**TASK INSTRUCTIONS**
Go through the listing and copy each line with the string "Dunajcem".

**RECORD SET**

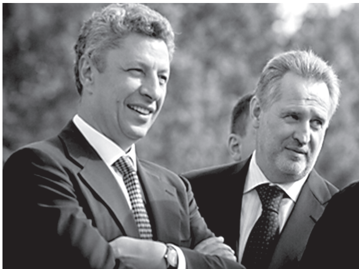
Юрій Бойко і Дмитро Фірташ

Київську область після президентських виборів віддали групі Фірташа-Львовчкіна-Бойка. І головою обласної державної адміністрації призначили Анатолія Присяжнюка, який до того очолював «Чорноморнафтогаз» (2006-2009 рр.), а потім був заступником голови СБУ. Його головне завдання – перебрати контроль над обласною
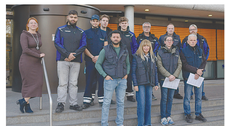
Mit der jährlichen Erfassung leisten die Stadtwerke einen wesentlichen Beitrag zu einer zuverlässigen Energie- und Wasserversorgung. Eine sorgfältige und termingerechte Ablesung ermöglicht nicht nur eine transparente Abrechnung, sondern unterstützt zudem die langfristige Planungssicherheit für Haushalte, Gewerbe und kommunale Einrichtungen.
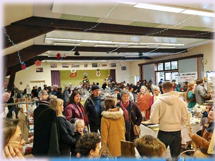
Illuminations et marché de Noël
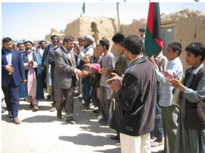
د بلخ ولایت د شولگری ولسوالي د خلکو سره کتنه
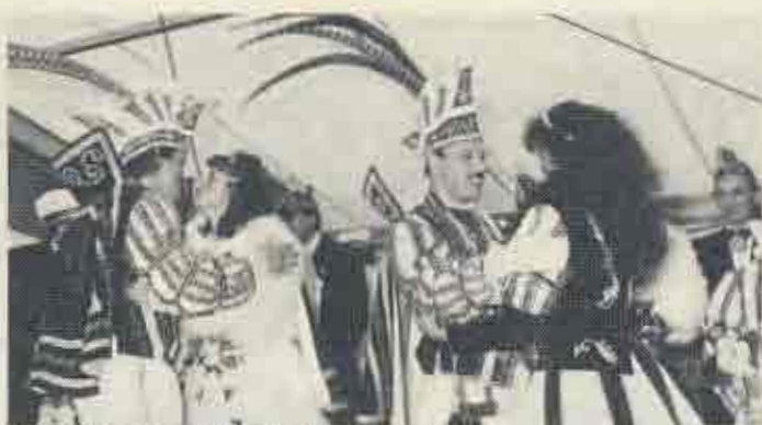
Intensiver „Gedankenaustausch“ zwischen dem Uerdinger und St. Töniser Prinzenpaar auf dem Närrischen Markttag.
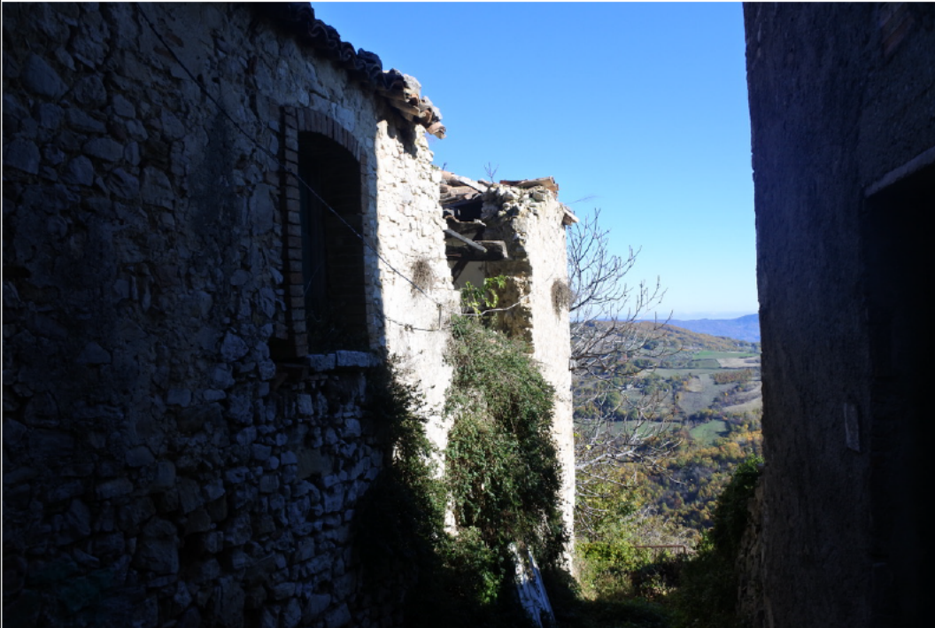
Porzione soggetta a crollo - esterno
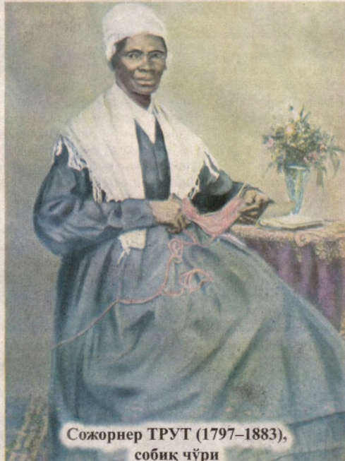
Сожорнер ТРУТ (1797-1883), собиқ чўри

Шеърлари маҳаллий ва халқаро миқёсдаги 90 та антологияда нашр этилган ва дунёнинг ўнлаб тилларига таржима қилинган.
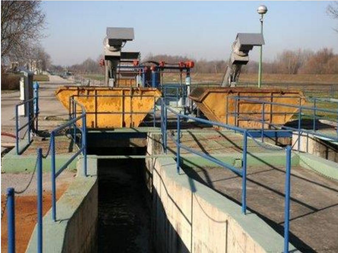
Slika10. Prikaz kanalizacijskog sustava

Javni kanalizacijski sustav sakuplja i provodi otpadnu vodu kućanstava, oborinsku vodu (koja ispire i nosi onečišćenja sa prometnih i okolnih poljoprivrednih površina) kao i obrađenu i neobrađenu industrijsku otpadnu vodu. Sakupljena otpadna voda se nakon pročišćavanja ili nepročišćena, ispušta u rijeku ili more uz obalu.
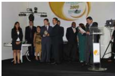
Melhor Seguradora no Ramo SAÚDE Bradesco Saúde S/A
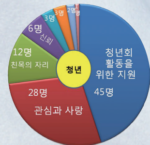
나는 사목회에 ( )를 바란다!
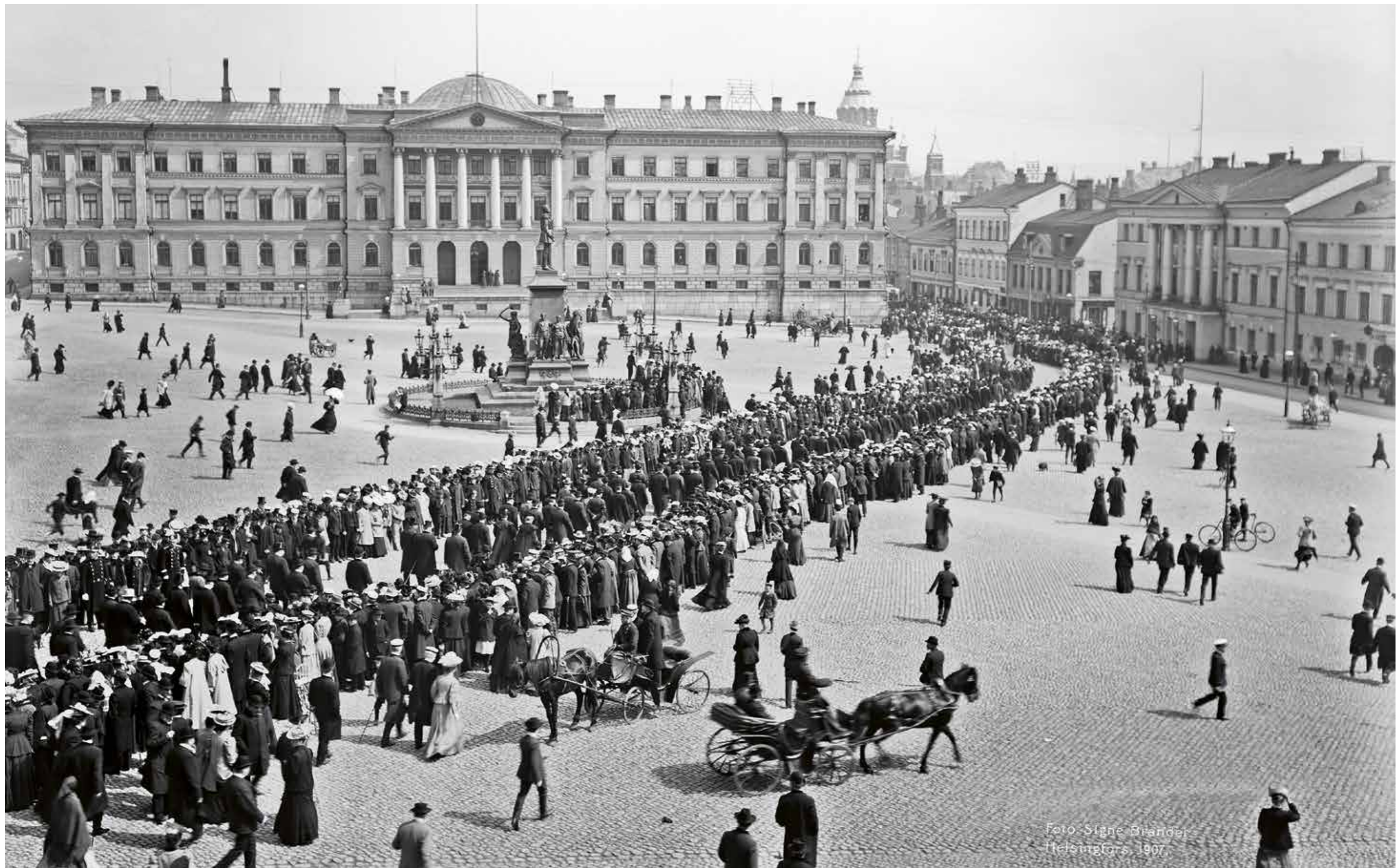
Helsingfors, 1907.
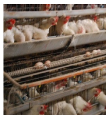
こだわりの飼育方法

本事業は、地域の固有資源を保全しながら地域経済を振興するエコ・ツーリズムに、養鶏事業を核とした利助農法(循環型農業システム)とびわ湖の水質保全をウオーター・スポーツの中で考えようという二つの体験学習を組み込んだ新しい観光サービスである。エコ・ツーリズムへの関心が内外で高まる中、世界有数の古代湖であるびわ湖とその周辺自然環境を地域全体として保全活用する当事業内容は、事前アンケートにおいても多くの期待が寄せられている。
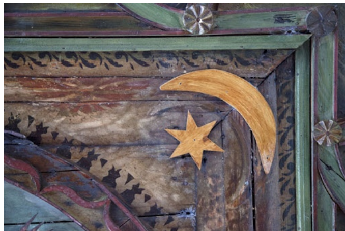
Crescent moon and star are among the decorations on the ceiling of a room in the tekke of Blagaj

...And also you turned to the idols and went after the Baalim when you entered yesterday into their "holy places" and I have already informed you that seven clouds of glory escort you and all of them separated from you when you entered into there and they wanted to depart from you entirely if not for those of the yeshiva above that prayed for you that they not depart from you and by means of this prayer the seven clouds of glory waited for you until you left (the Tekke temple).
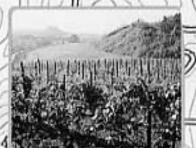
18ワイン用ぶどう畑 露頭炭採掘跡地を利用し「うたしないワイン」用ぶどうを栽培
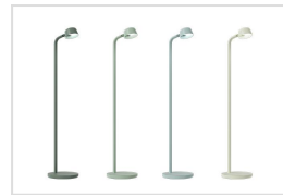
Motus Floor 1
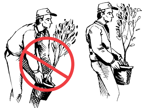
No se doble desde la cintura cuando levanta un objeto.
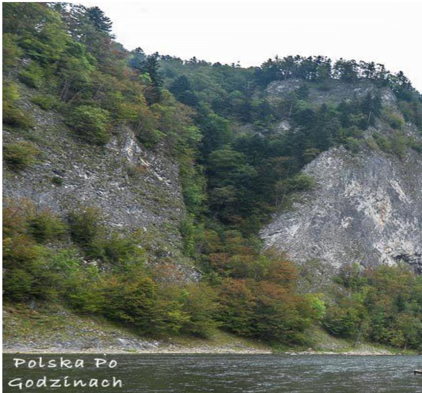
Polska Po Godzinach Spływ Dunajcem to jedna z popularniejszych atrakcji w Pieninach

ciągnących się wzdłuż granicy ze Słowacją. Nie boisz się wody? Musisz spróbować spływu Dunajcem! Z kolei poszukującym tajemniczych historii polecamy odwiedzić zamki nad zalewem Czorsztyńskim.
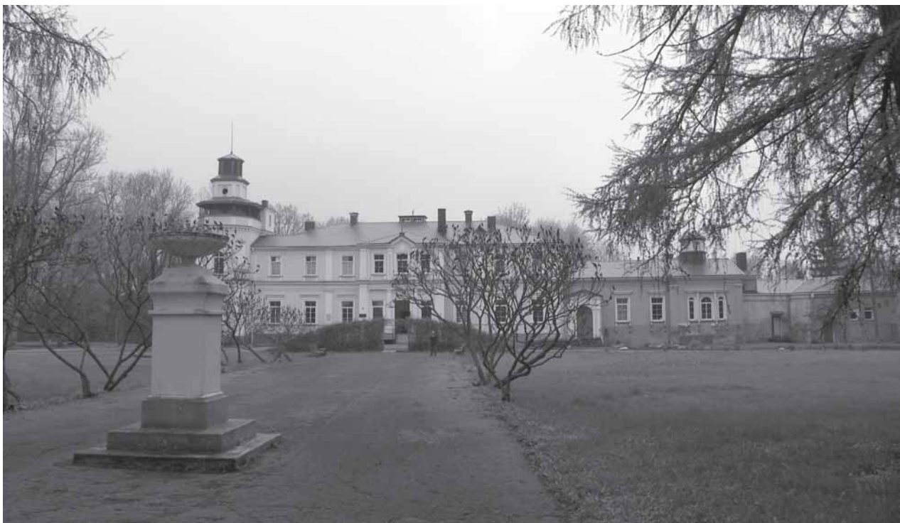
Pagrižuvē dvara suodība 2010 m. pavasari
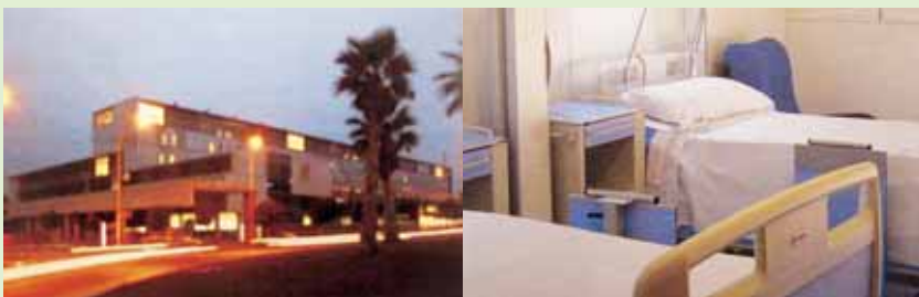
L'hospital, un centre de qualitat

Cardiologia, Dermatologia, Digestiu, Endocrinologia i nutrició, Medicina interna (reumatologia), Oncohematologia, compartit amb l'Institut Català d'Oncologia (ICO), Nefrologia, Neurologia, Respiratori, Unitat de vigilància intensiva (UVI), Cirurgia general, Cirurgia ortopèdica i traumatologia, Cirurgia vascular, coordinat amb l'Hospital Universitari de Bellvitge (HUB), Oftalmologia, Otorinolaringologia, Urologia, Anatomia patològica, Anestèsia i reanimació, Farmàcia, Laboratori, Radiodiagnòstic, Rehabilitació, Unitat interdisciplinària sociosanitària de geriatría (UFISS), Treball social.

**RESULT BELOW**
Polska Po Godzinach Spływ Dunajcem to jedna z popularniejszych atrakcji w Pieninach
ciągnących się wzdłuż granicy ze Słowacją. Nie boisz się wody? Musisz spróbować spływu Dunajcem! Z kolei poszukującym tajemniczych historii polecamy odwiedzić zamki nad zalewem Czorsztyńskim.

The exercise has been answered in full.